Levelling up in Vampire Survivors
All of these feel great

You can also collect gold (used to purchase new vampires and persistent stat boosts), roast chicken (for health obviously), and rare items that do various cool things like shooting out fire, drawing all gems on the level to you or killing everything on screen.

It might be minimalist design but Vampire Survivors is highly addictive. Level-ups occur frequently and it’s always exciting to see what you’re going to be given. As you level up and your build really starts to kick into gear, enemies get obliterated at a swift and highly satisfying rate. This gives an incredible feeling of power progression – from being terrified of a few bats at the start of the game, to knowing for certain that you’ll be able to escape a situation such as this:

(Anyone who has played the game will know this screenshot isn’t all that exciting, but it’s hard to take screenshots at times of actual peril)

Of course on top of any simple gameplay loop is the usual long list of achievements, unlocks, collectables, combos and, presumably, secrets to sustain long-term interest. These elements featured heavily in the run that represents both my best and worst experience with Vampire Survivors. Playing on the game’s second level, Inlaid Library, things were going swimmingly. After about level 10 I felt pretty untouchable and I was scaling far quicker than the enemy spawn rate. I’d defeated various mini-bosses/elite enemies, my weapons were getting upgraded at a ridiculous rate and the victory looked a dead certainty. I was even able to leave the game to play itself for a good five minutes as nothing could get close to me at all. I felt safe at the 27 minute mark, the 28 minute mark, the 29 minute mark – mere 60 seconds away from victory. And then at 29:30, a wave of enemies attacked that I couldn’t do anything about, and I died.

A Vampire Survivors screenshot
A fairly typical death scene from another run

Reflecting on this loss, I still can’t see what I could have done at all differently to prevent this from happening.
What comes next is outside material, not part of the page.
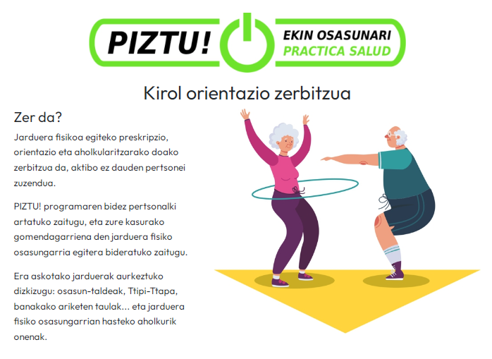 El programa PIZTU! es un servicio de orientación y asesoramiento para la práctica de actividad física dirigido a personas inactivas; ya que son muchas las personas que, por motivos diversos, no son activas y no practican ningúna actividad deportiva.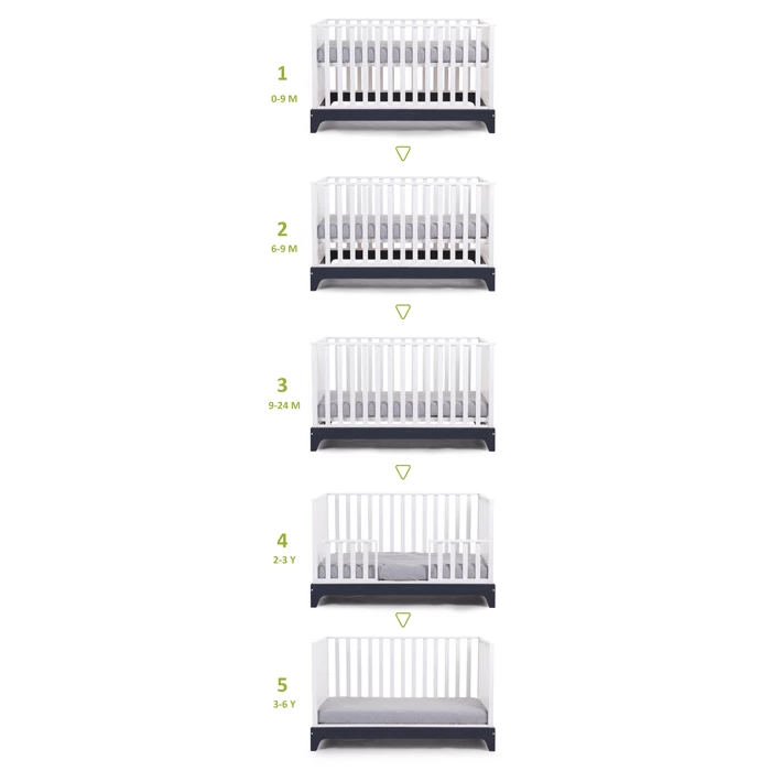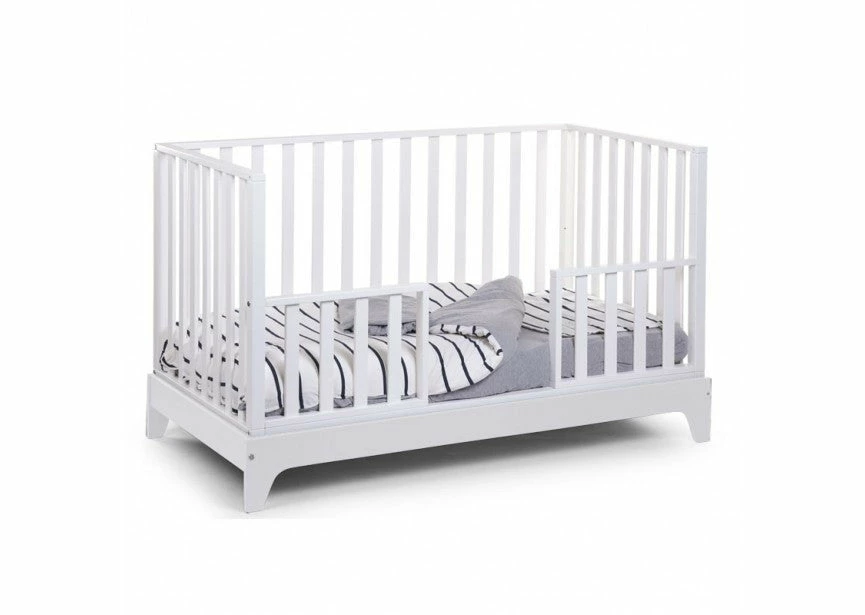 In the beginning, your baby sleeps in the closed bed with 4 slatted sides. As your child gets older, the bed can transition to the next step by removing a slatted side and replacing it with the half open side that is included. This half open side functions as a bed rail and prevents your toddler from falling out of his bed during the night. Once the toddler is used to sleeping in an open bed, the half open side can be removed. In the final stage, all slatted sides can be removed. Once your child has outgrown the bed, the bed can easily become a first sofa. Just ad a few comfy pillows and you can enjoy the sofa for years to come.

All of my power-ups were max level (at a certain point you just get given gold) and I was completely encircled in just a split second – with never an opportunity to evade. My only conclusion is that my base stats were not strong enough because I haven’t played the game for enough hours to level them up yet, or the optimal build wasn’t available to me because not everything is yet unlocked. A deeply frustrating way to end 20-something minutes of enjoyable carnage.
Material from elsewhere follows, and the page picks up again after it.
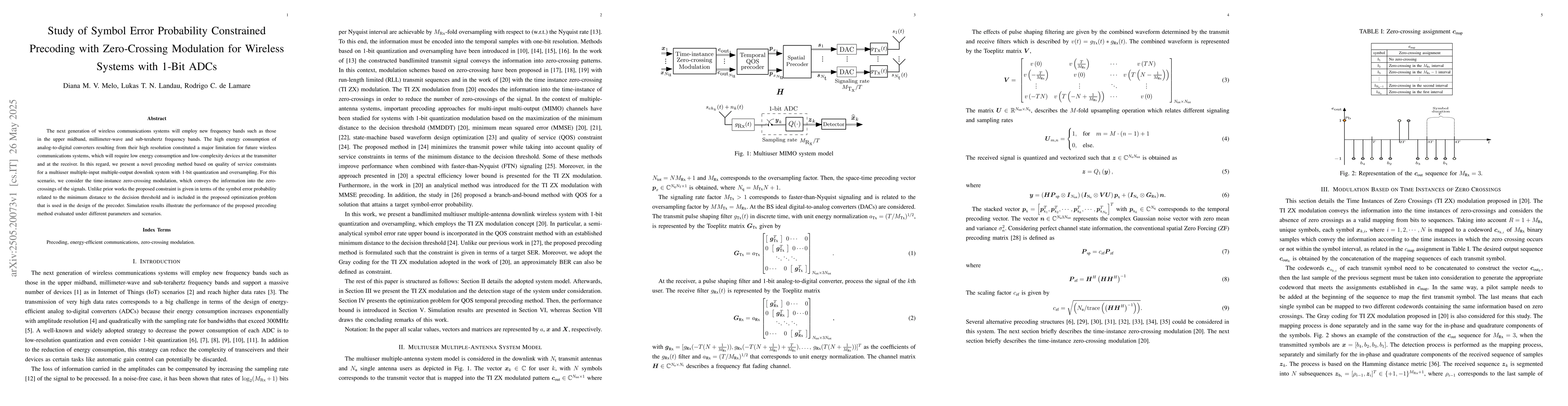 The paper introduces a novel precoding technique that incorporates symbol error probability constraints in the optimization problem for 1-bit quantized systems using zero-crossing modulation.

So is Vampire Survivors any good? Yes?… It’s certainly addictive as hell and in running on a 10-year old Macbook, and being playable with one hand while multitasking (I was flicking through Reddit at several points), it certainly feels like it has a place when I want something to play but don’t want to move off the sofa or fully engage. But, to set expectations, it’s a £2/$3 game. It’s well-developed but highly limited. Our Steam review data corroborates this – suggesting that it’s got satisfying gameplay, and is incredible value, but offers very little beyond that.
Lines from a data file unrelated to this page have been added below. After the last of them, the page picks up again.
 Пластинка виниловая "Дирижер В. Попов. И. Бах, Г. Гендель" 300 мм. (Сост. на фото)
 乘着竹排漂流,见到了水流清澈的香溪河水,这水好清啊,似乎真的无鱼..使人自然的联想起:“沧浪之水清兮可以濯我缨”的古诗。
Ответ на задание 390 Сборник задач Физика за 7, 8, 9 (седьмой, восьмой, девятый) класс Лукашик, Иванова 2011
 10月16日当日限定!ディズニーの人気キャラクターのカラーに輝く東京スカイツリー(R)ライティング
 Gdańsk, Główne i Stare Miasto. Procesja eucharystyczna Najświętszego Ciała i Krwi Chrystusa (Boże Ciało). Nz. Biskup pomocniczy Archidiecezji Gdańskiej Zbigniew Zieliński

Data taken from here, explanation here

That said, at the price it’s sold at there’s very little reason not to recommend it. I’ve played for 3-4 hours now and have already got my money’s worth. I suspect I’ll be adding another 5-10 hours minimum before getting a little bit bored. That said, the average playtime of Steam reviewers is ~40 hours, so the game definitely has legs. Definitely worth checking out.